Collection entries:
== Segment start ==
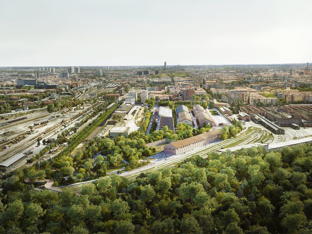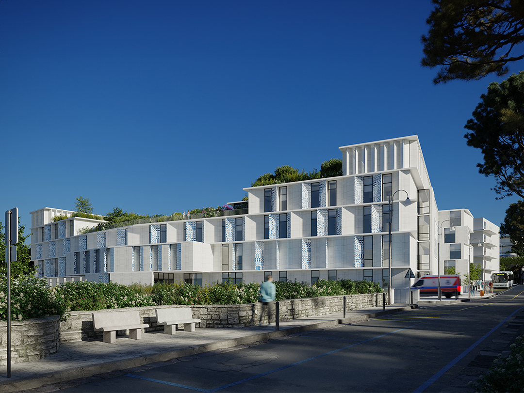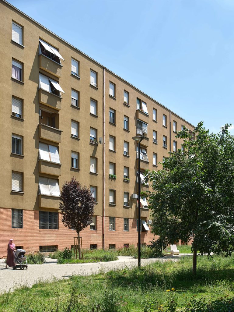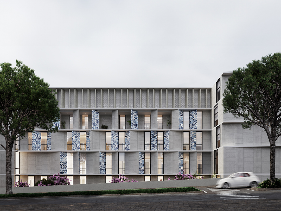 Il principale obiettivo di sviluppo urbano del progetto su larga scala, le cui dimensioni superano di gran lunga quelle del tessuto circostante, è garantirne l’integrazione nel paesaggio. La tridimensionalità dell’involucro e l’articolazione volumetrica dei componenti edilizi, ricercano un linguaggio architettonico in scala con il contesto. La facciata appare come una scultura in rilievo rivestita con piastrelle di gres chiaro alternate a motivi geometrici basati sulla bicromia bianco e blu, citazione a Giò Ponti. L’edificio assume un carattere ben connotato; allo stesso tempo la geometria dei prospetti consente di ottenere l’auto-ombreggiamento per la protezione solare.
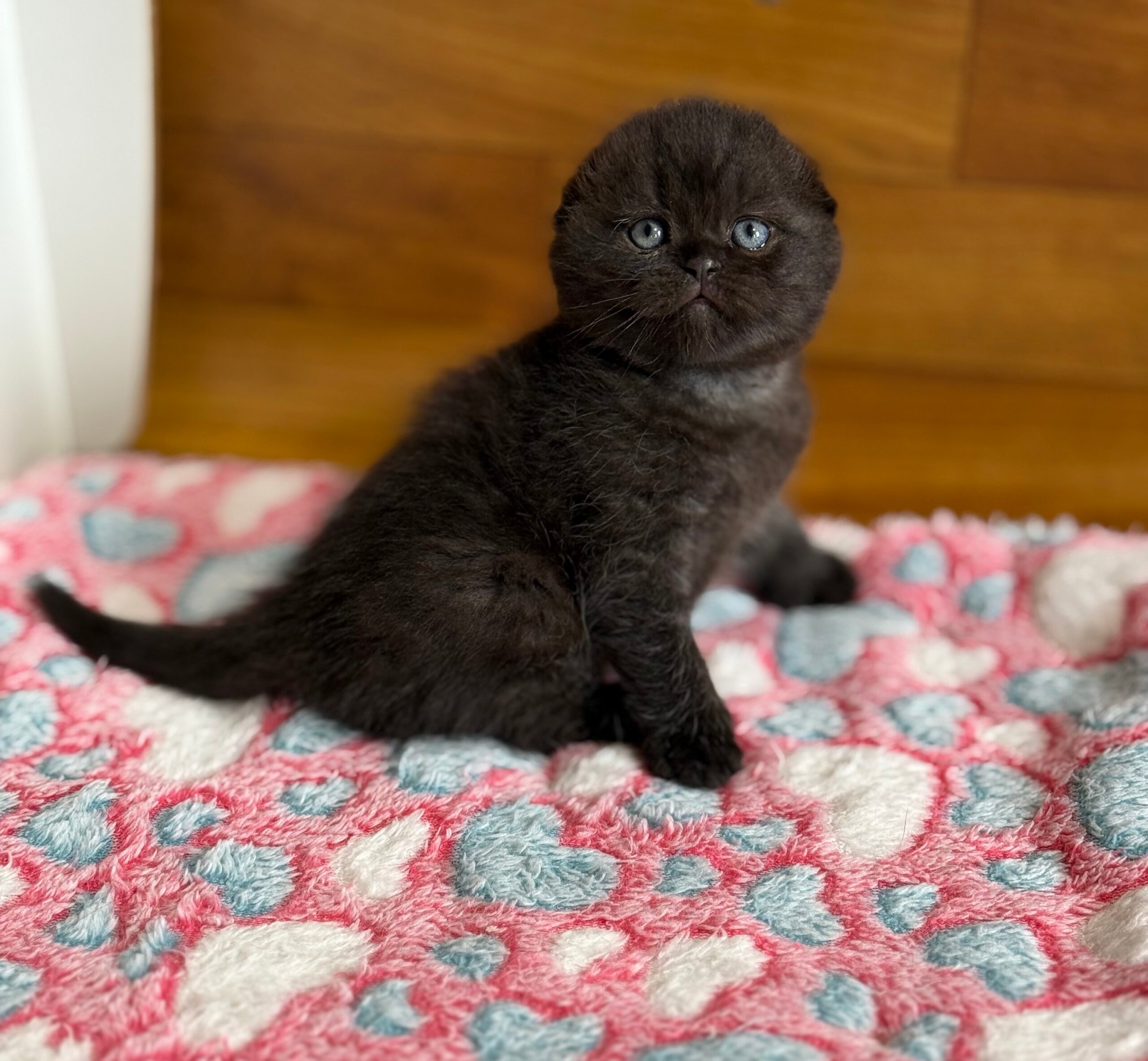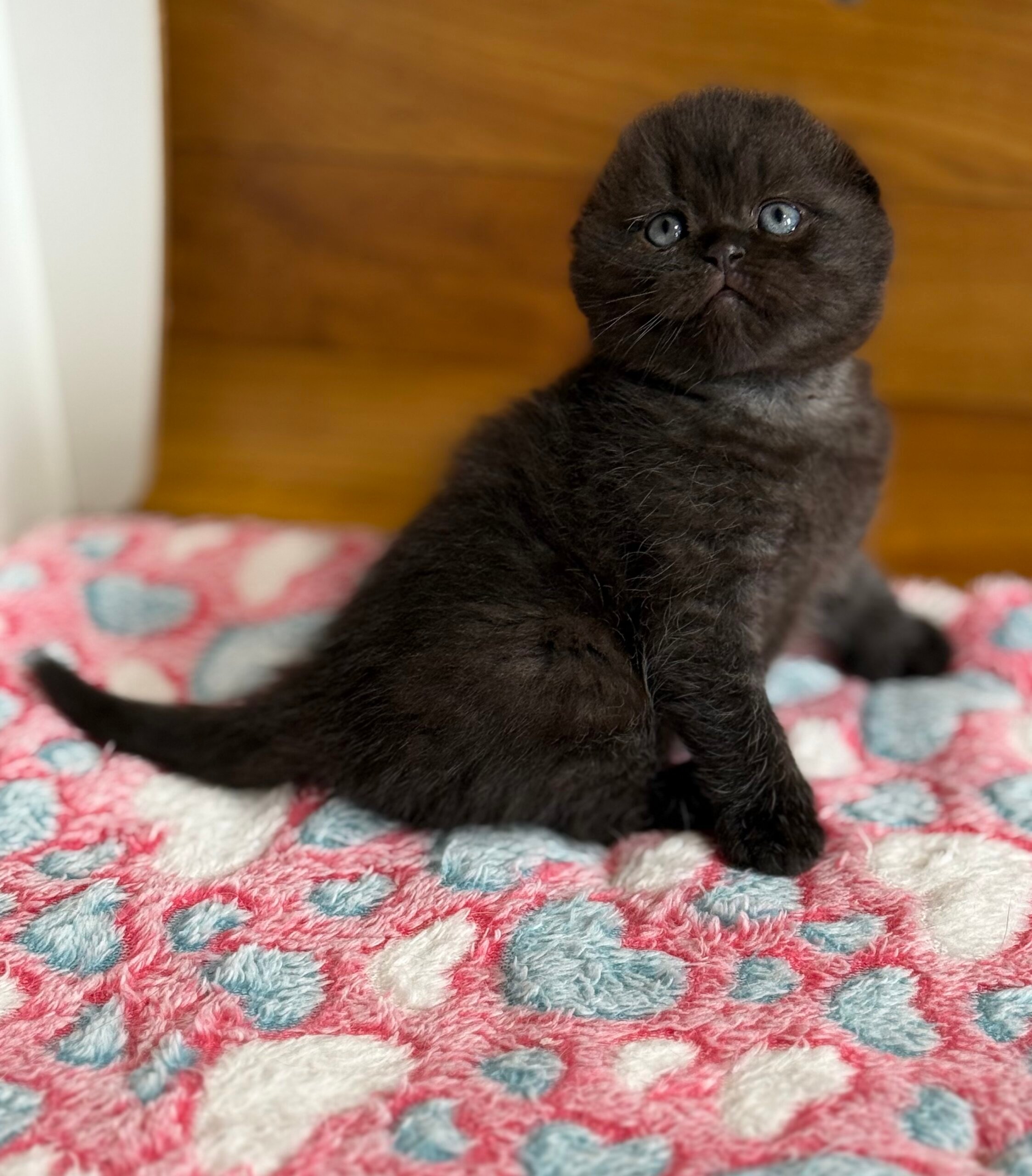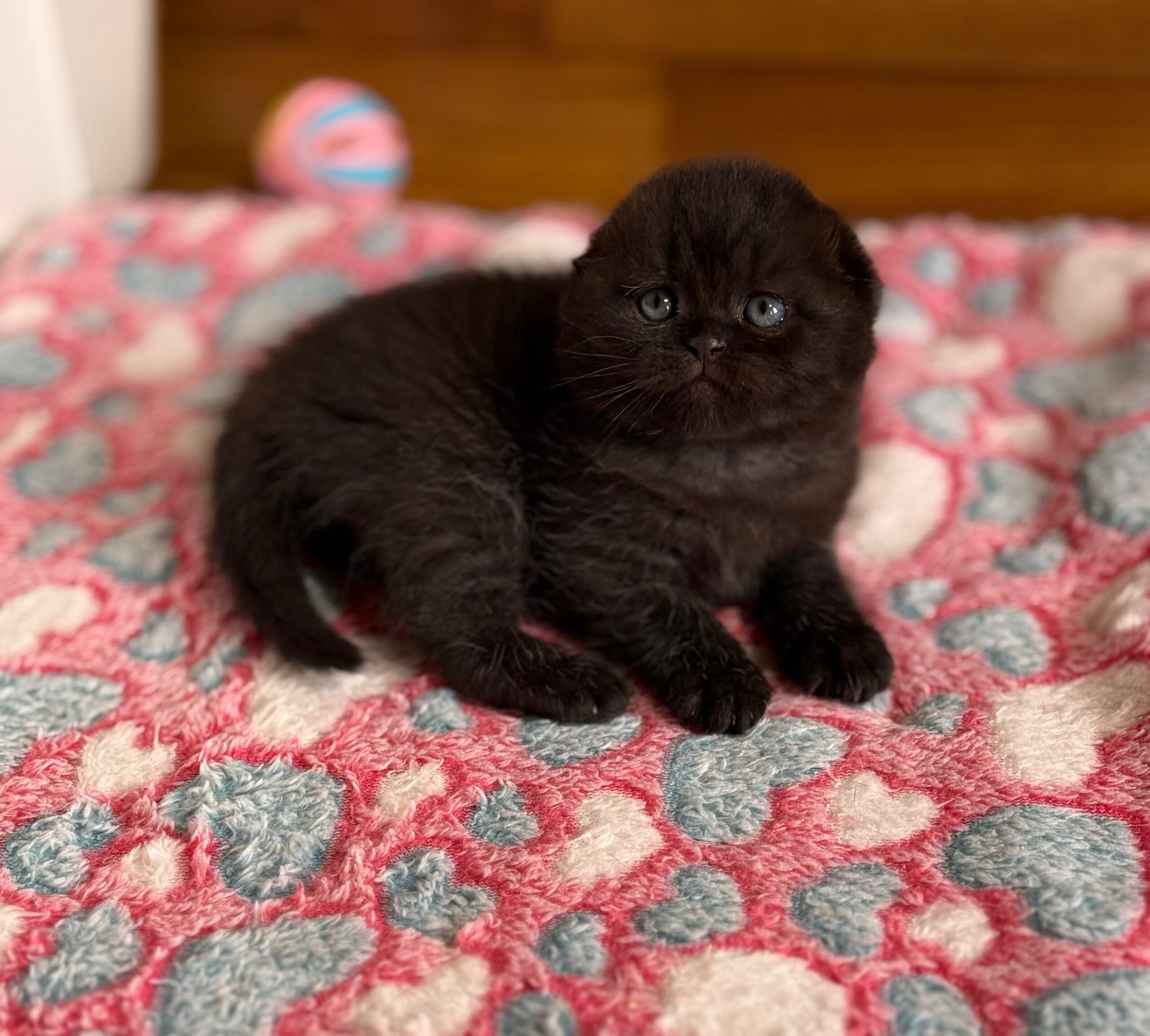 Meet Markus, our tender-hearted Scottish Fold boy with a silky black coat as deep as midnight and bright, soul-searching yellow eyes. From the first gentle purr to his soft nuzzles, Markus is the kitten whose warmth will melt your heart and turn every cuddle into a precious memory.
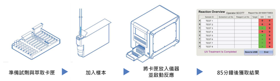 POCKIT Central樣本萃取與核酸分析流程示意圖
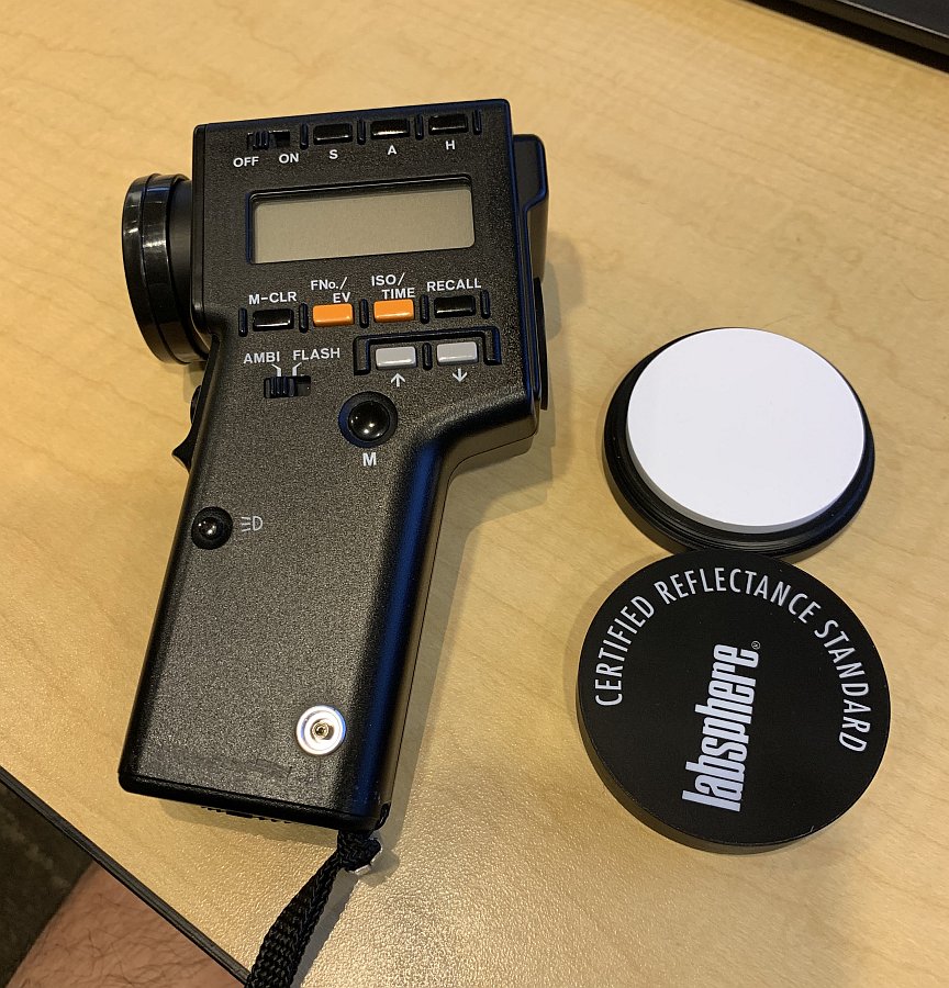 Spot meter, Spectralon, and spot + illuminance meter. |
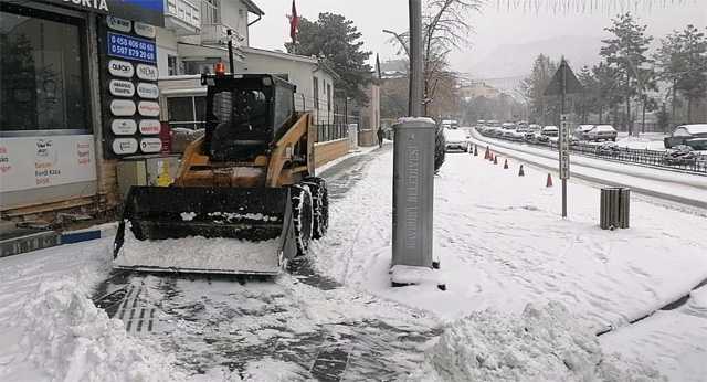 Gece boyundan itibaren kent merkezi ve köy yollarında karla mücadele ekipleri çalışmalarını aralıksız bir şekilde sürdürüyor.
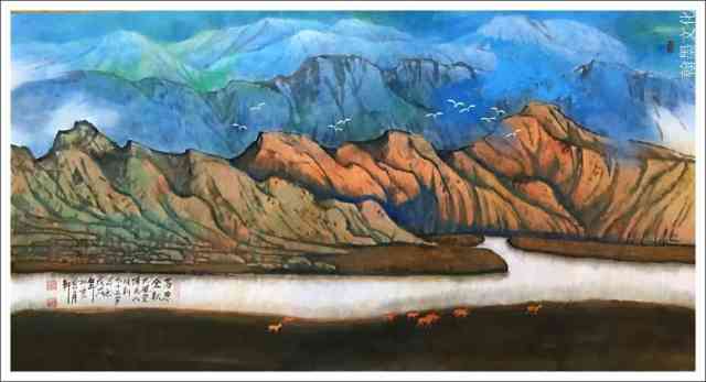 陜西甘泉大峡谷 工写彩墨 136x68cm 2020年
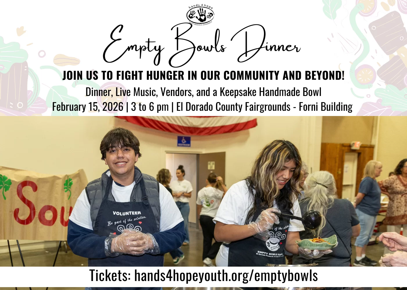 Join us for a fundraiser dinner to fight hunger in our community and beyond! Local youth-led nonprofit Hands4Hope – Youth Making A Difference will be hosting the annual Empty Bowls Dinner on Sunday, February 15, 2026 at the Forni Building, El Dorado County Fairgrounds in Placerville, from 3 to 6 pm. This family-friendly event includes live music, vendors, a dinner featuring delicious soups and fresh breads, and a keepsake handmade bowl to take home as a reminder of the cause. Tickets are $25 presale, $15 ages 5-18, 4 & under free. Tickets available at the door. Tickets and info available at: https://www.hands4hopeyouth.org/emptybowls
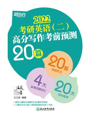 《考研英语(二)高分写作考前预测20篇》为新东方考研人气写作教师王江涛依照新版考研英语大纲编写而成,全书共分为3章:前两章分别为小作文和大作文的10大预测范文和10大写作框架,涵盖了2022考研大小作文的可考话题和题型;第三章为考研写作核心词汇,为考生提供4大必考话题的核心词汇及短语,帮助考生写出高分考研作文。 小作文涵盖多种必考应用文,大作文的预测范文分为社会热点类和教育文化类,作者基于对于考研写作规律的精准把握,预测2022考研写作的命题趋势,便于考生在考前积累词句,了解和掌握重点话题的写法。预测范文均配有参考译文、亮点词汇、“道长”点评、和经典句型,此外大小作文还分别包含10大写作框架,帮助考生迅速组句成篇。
== Segment end ==
**Action item**
Though the entries above contain pictures, none should be copied; reproduce only the lines between the one holding "POCKIT Central樣本萃取與核酸分析流程示意圖" and the one holding "Join us for", inclusive, exactly as written.

**Solution to the problem**
 POCKIT Central樣本萃取與核酸分析流程示意圖
 Spot meter, Spectralon, and spot + illuminance meter. |
 Gece boyundan itibaren kent merkezi ve köy yollarında karla mücadele ekipleri çalışmalarını aralıksız bir şekilde sürdürüyor.
 陜西甘泉大峡谷 工写彩墨 136x68cm 2020年
 Join us for a fundraiser dinner to fight hunger in our community and beyond! Local youth-led nonprofit Hands4Hope – Youth Making A Difference will be hosting the annual Empty Bowls Dinner on Sunday, February 15, 2026 at the Forni Building, El Dorado County Fairgrounds in Placerville, from 3 to 6 pm. This family-friendly event includes live music, vendors, a dinner featuring delicious soups and fresh breads, and a keepsake handmade bowl to take home as a reminder of the cause. Tickets are $25 presale, $15 ages 5-18, 4 & under free. Tickets available at the door. Tickets and info available at: https://www.hands4hopeyouth.org/emptybowls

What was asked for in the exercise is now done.